> Exercise objective
Pictures are to be left out, and only the lines below starting at the one with "Genre: Hip Hop" and ending at the one with "外観の美しい彫刻を間近な観られる踊り場もあります。" are to be reproduced, each exactly, both ends included.

> Records supplied
━━━━

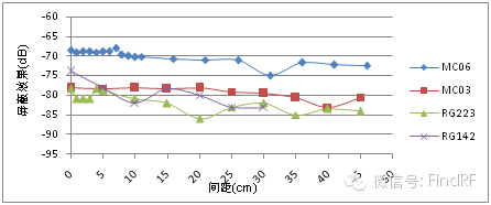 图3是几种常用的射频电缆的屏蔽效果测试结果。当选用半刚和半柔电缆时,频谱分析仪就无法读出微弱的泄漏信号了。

━━━━

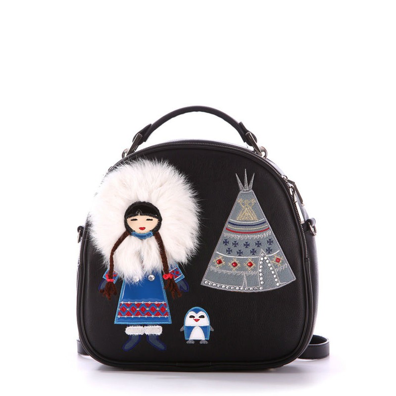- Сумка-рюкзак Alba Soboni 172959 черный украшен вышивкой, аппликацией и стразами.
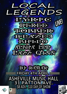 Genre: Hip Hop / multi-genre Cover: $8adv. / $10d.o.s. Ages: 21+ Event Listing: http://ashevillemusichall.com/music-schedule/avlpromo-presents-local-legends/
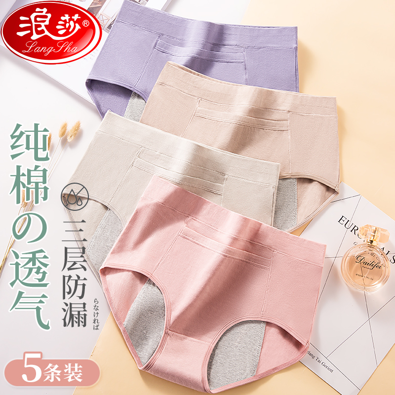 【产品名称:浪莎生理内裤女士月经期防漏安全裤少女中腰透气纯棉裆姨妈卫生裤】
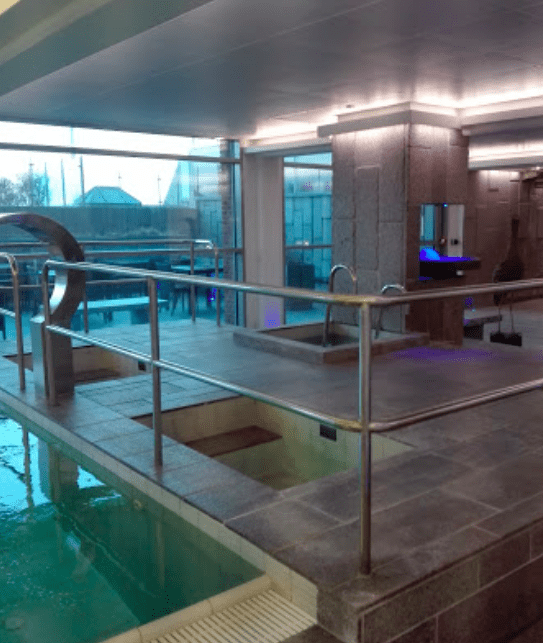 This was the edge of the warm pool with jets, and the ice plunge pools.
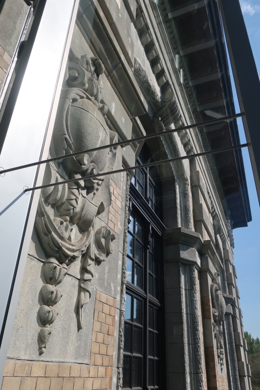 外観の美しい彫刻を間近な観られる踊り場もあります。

━━━━

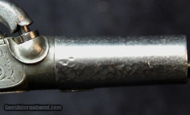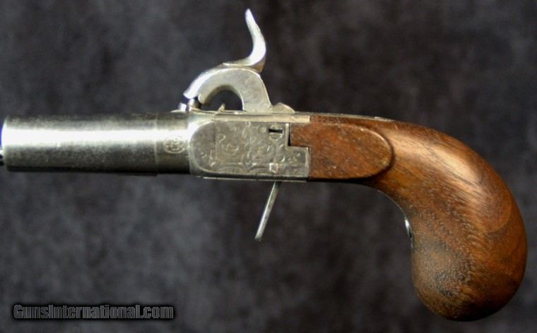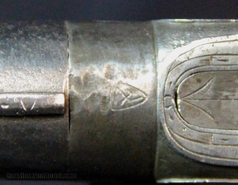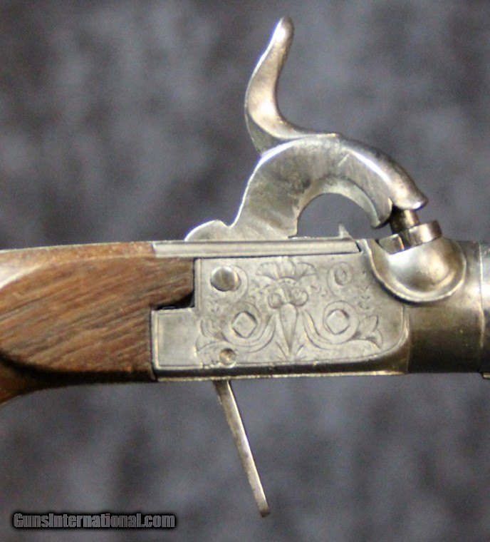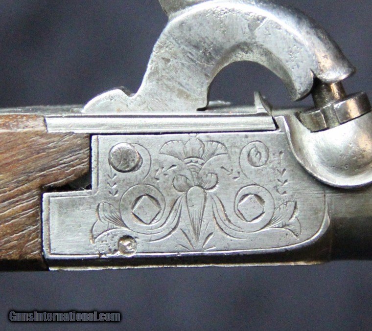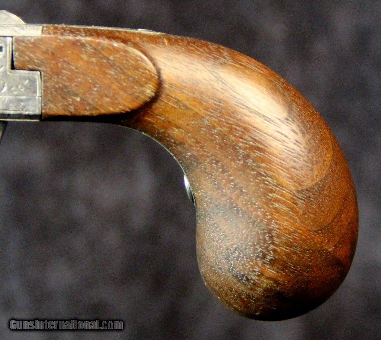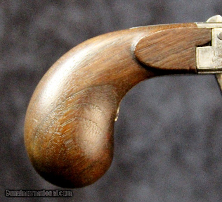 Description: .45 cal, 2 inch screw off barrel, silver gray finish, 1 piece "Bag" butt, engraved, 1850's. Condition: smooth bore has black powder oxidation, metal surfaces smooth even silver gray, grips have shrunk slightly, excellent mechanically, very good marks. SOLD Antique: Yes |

━━━━

> Task output
 Genre: Hip Hop / multi-genre Cover: $8adv. / $10d.o.s. Ages: 21+ Event Listing: http://ashevillemusichall.com/music-schedule/avlpromo-presents-local-legends/
 【产品名称:浪莎生理内裤女士月经期防漏安全裤少女中腰透气纯棉裆姨妈卫生裤】
 This was the edge of the warm pool with jets, and the ice plunge pools.
 外観の美しい彫刻を間近な観られる踊り場もあります。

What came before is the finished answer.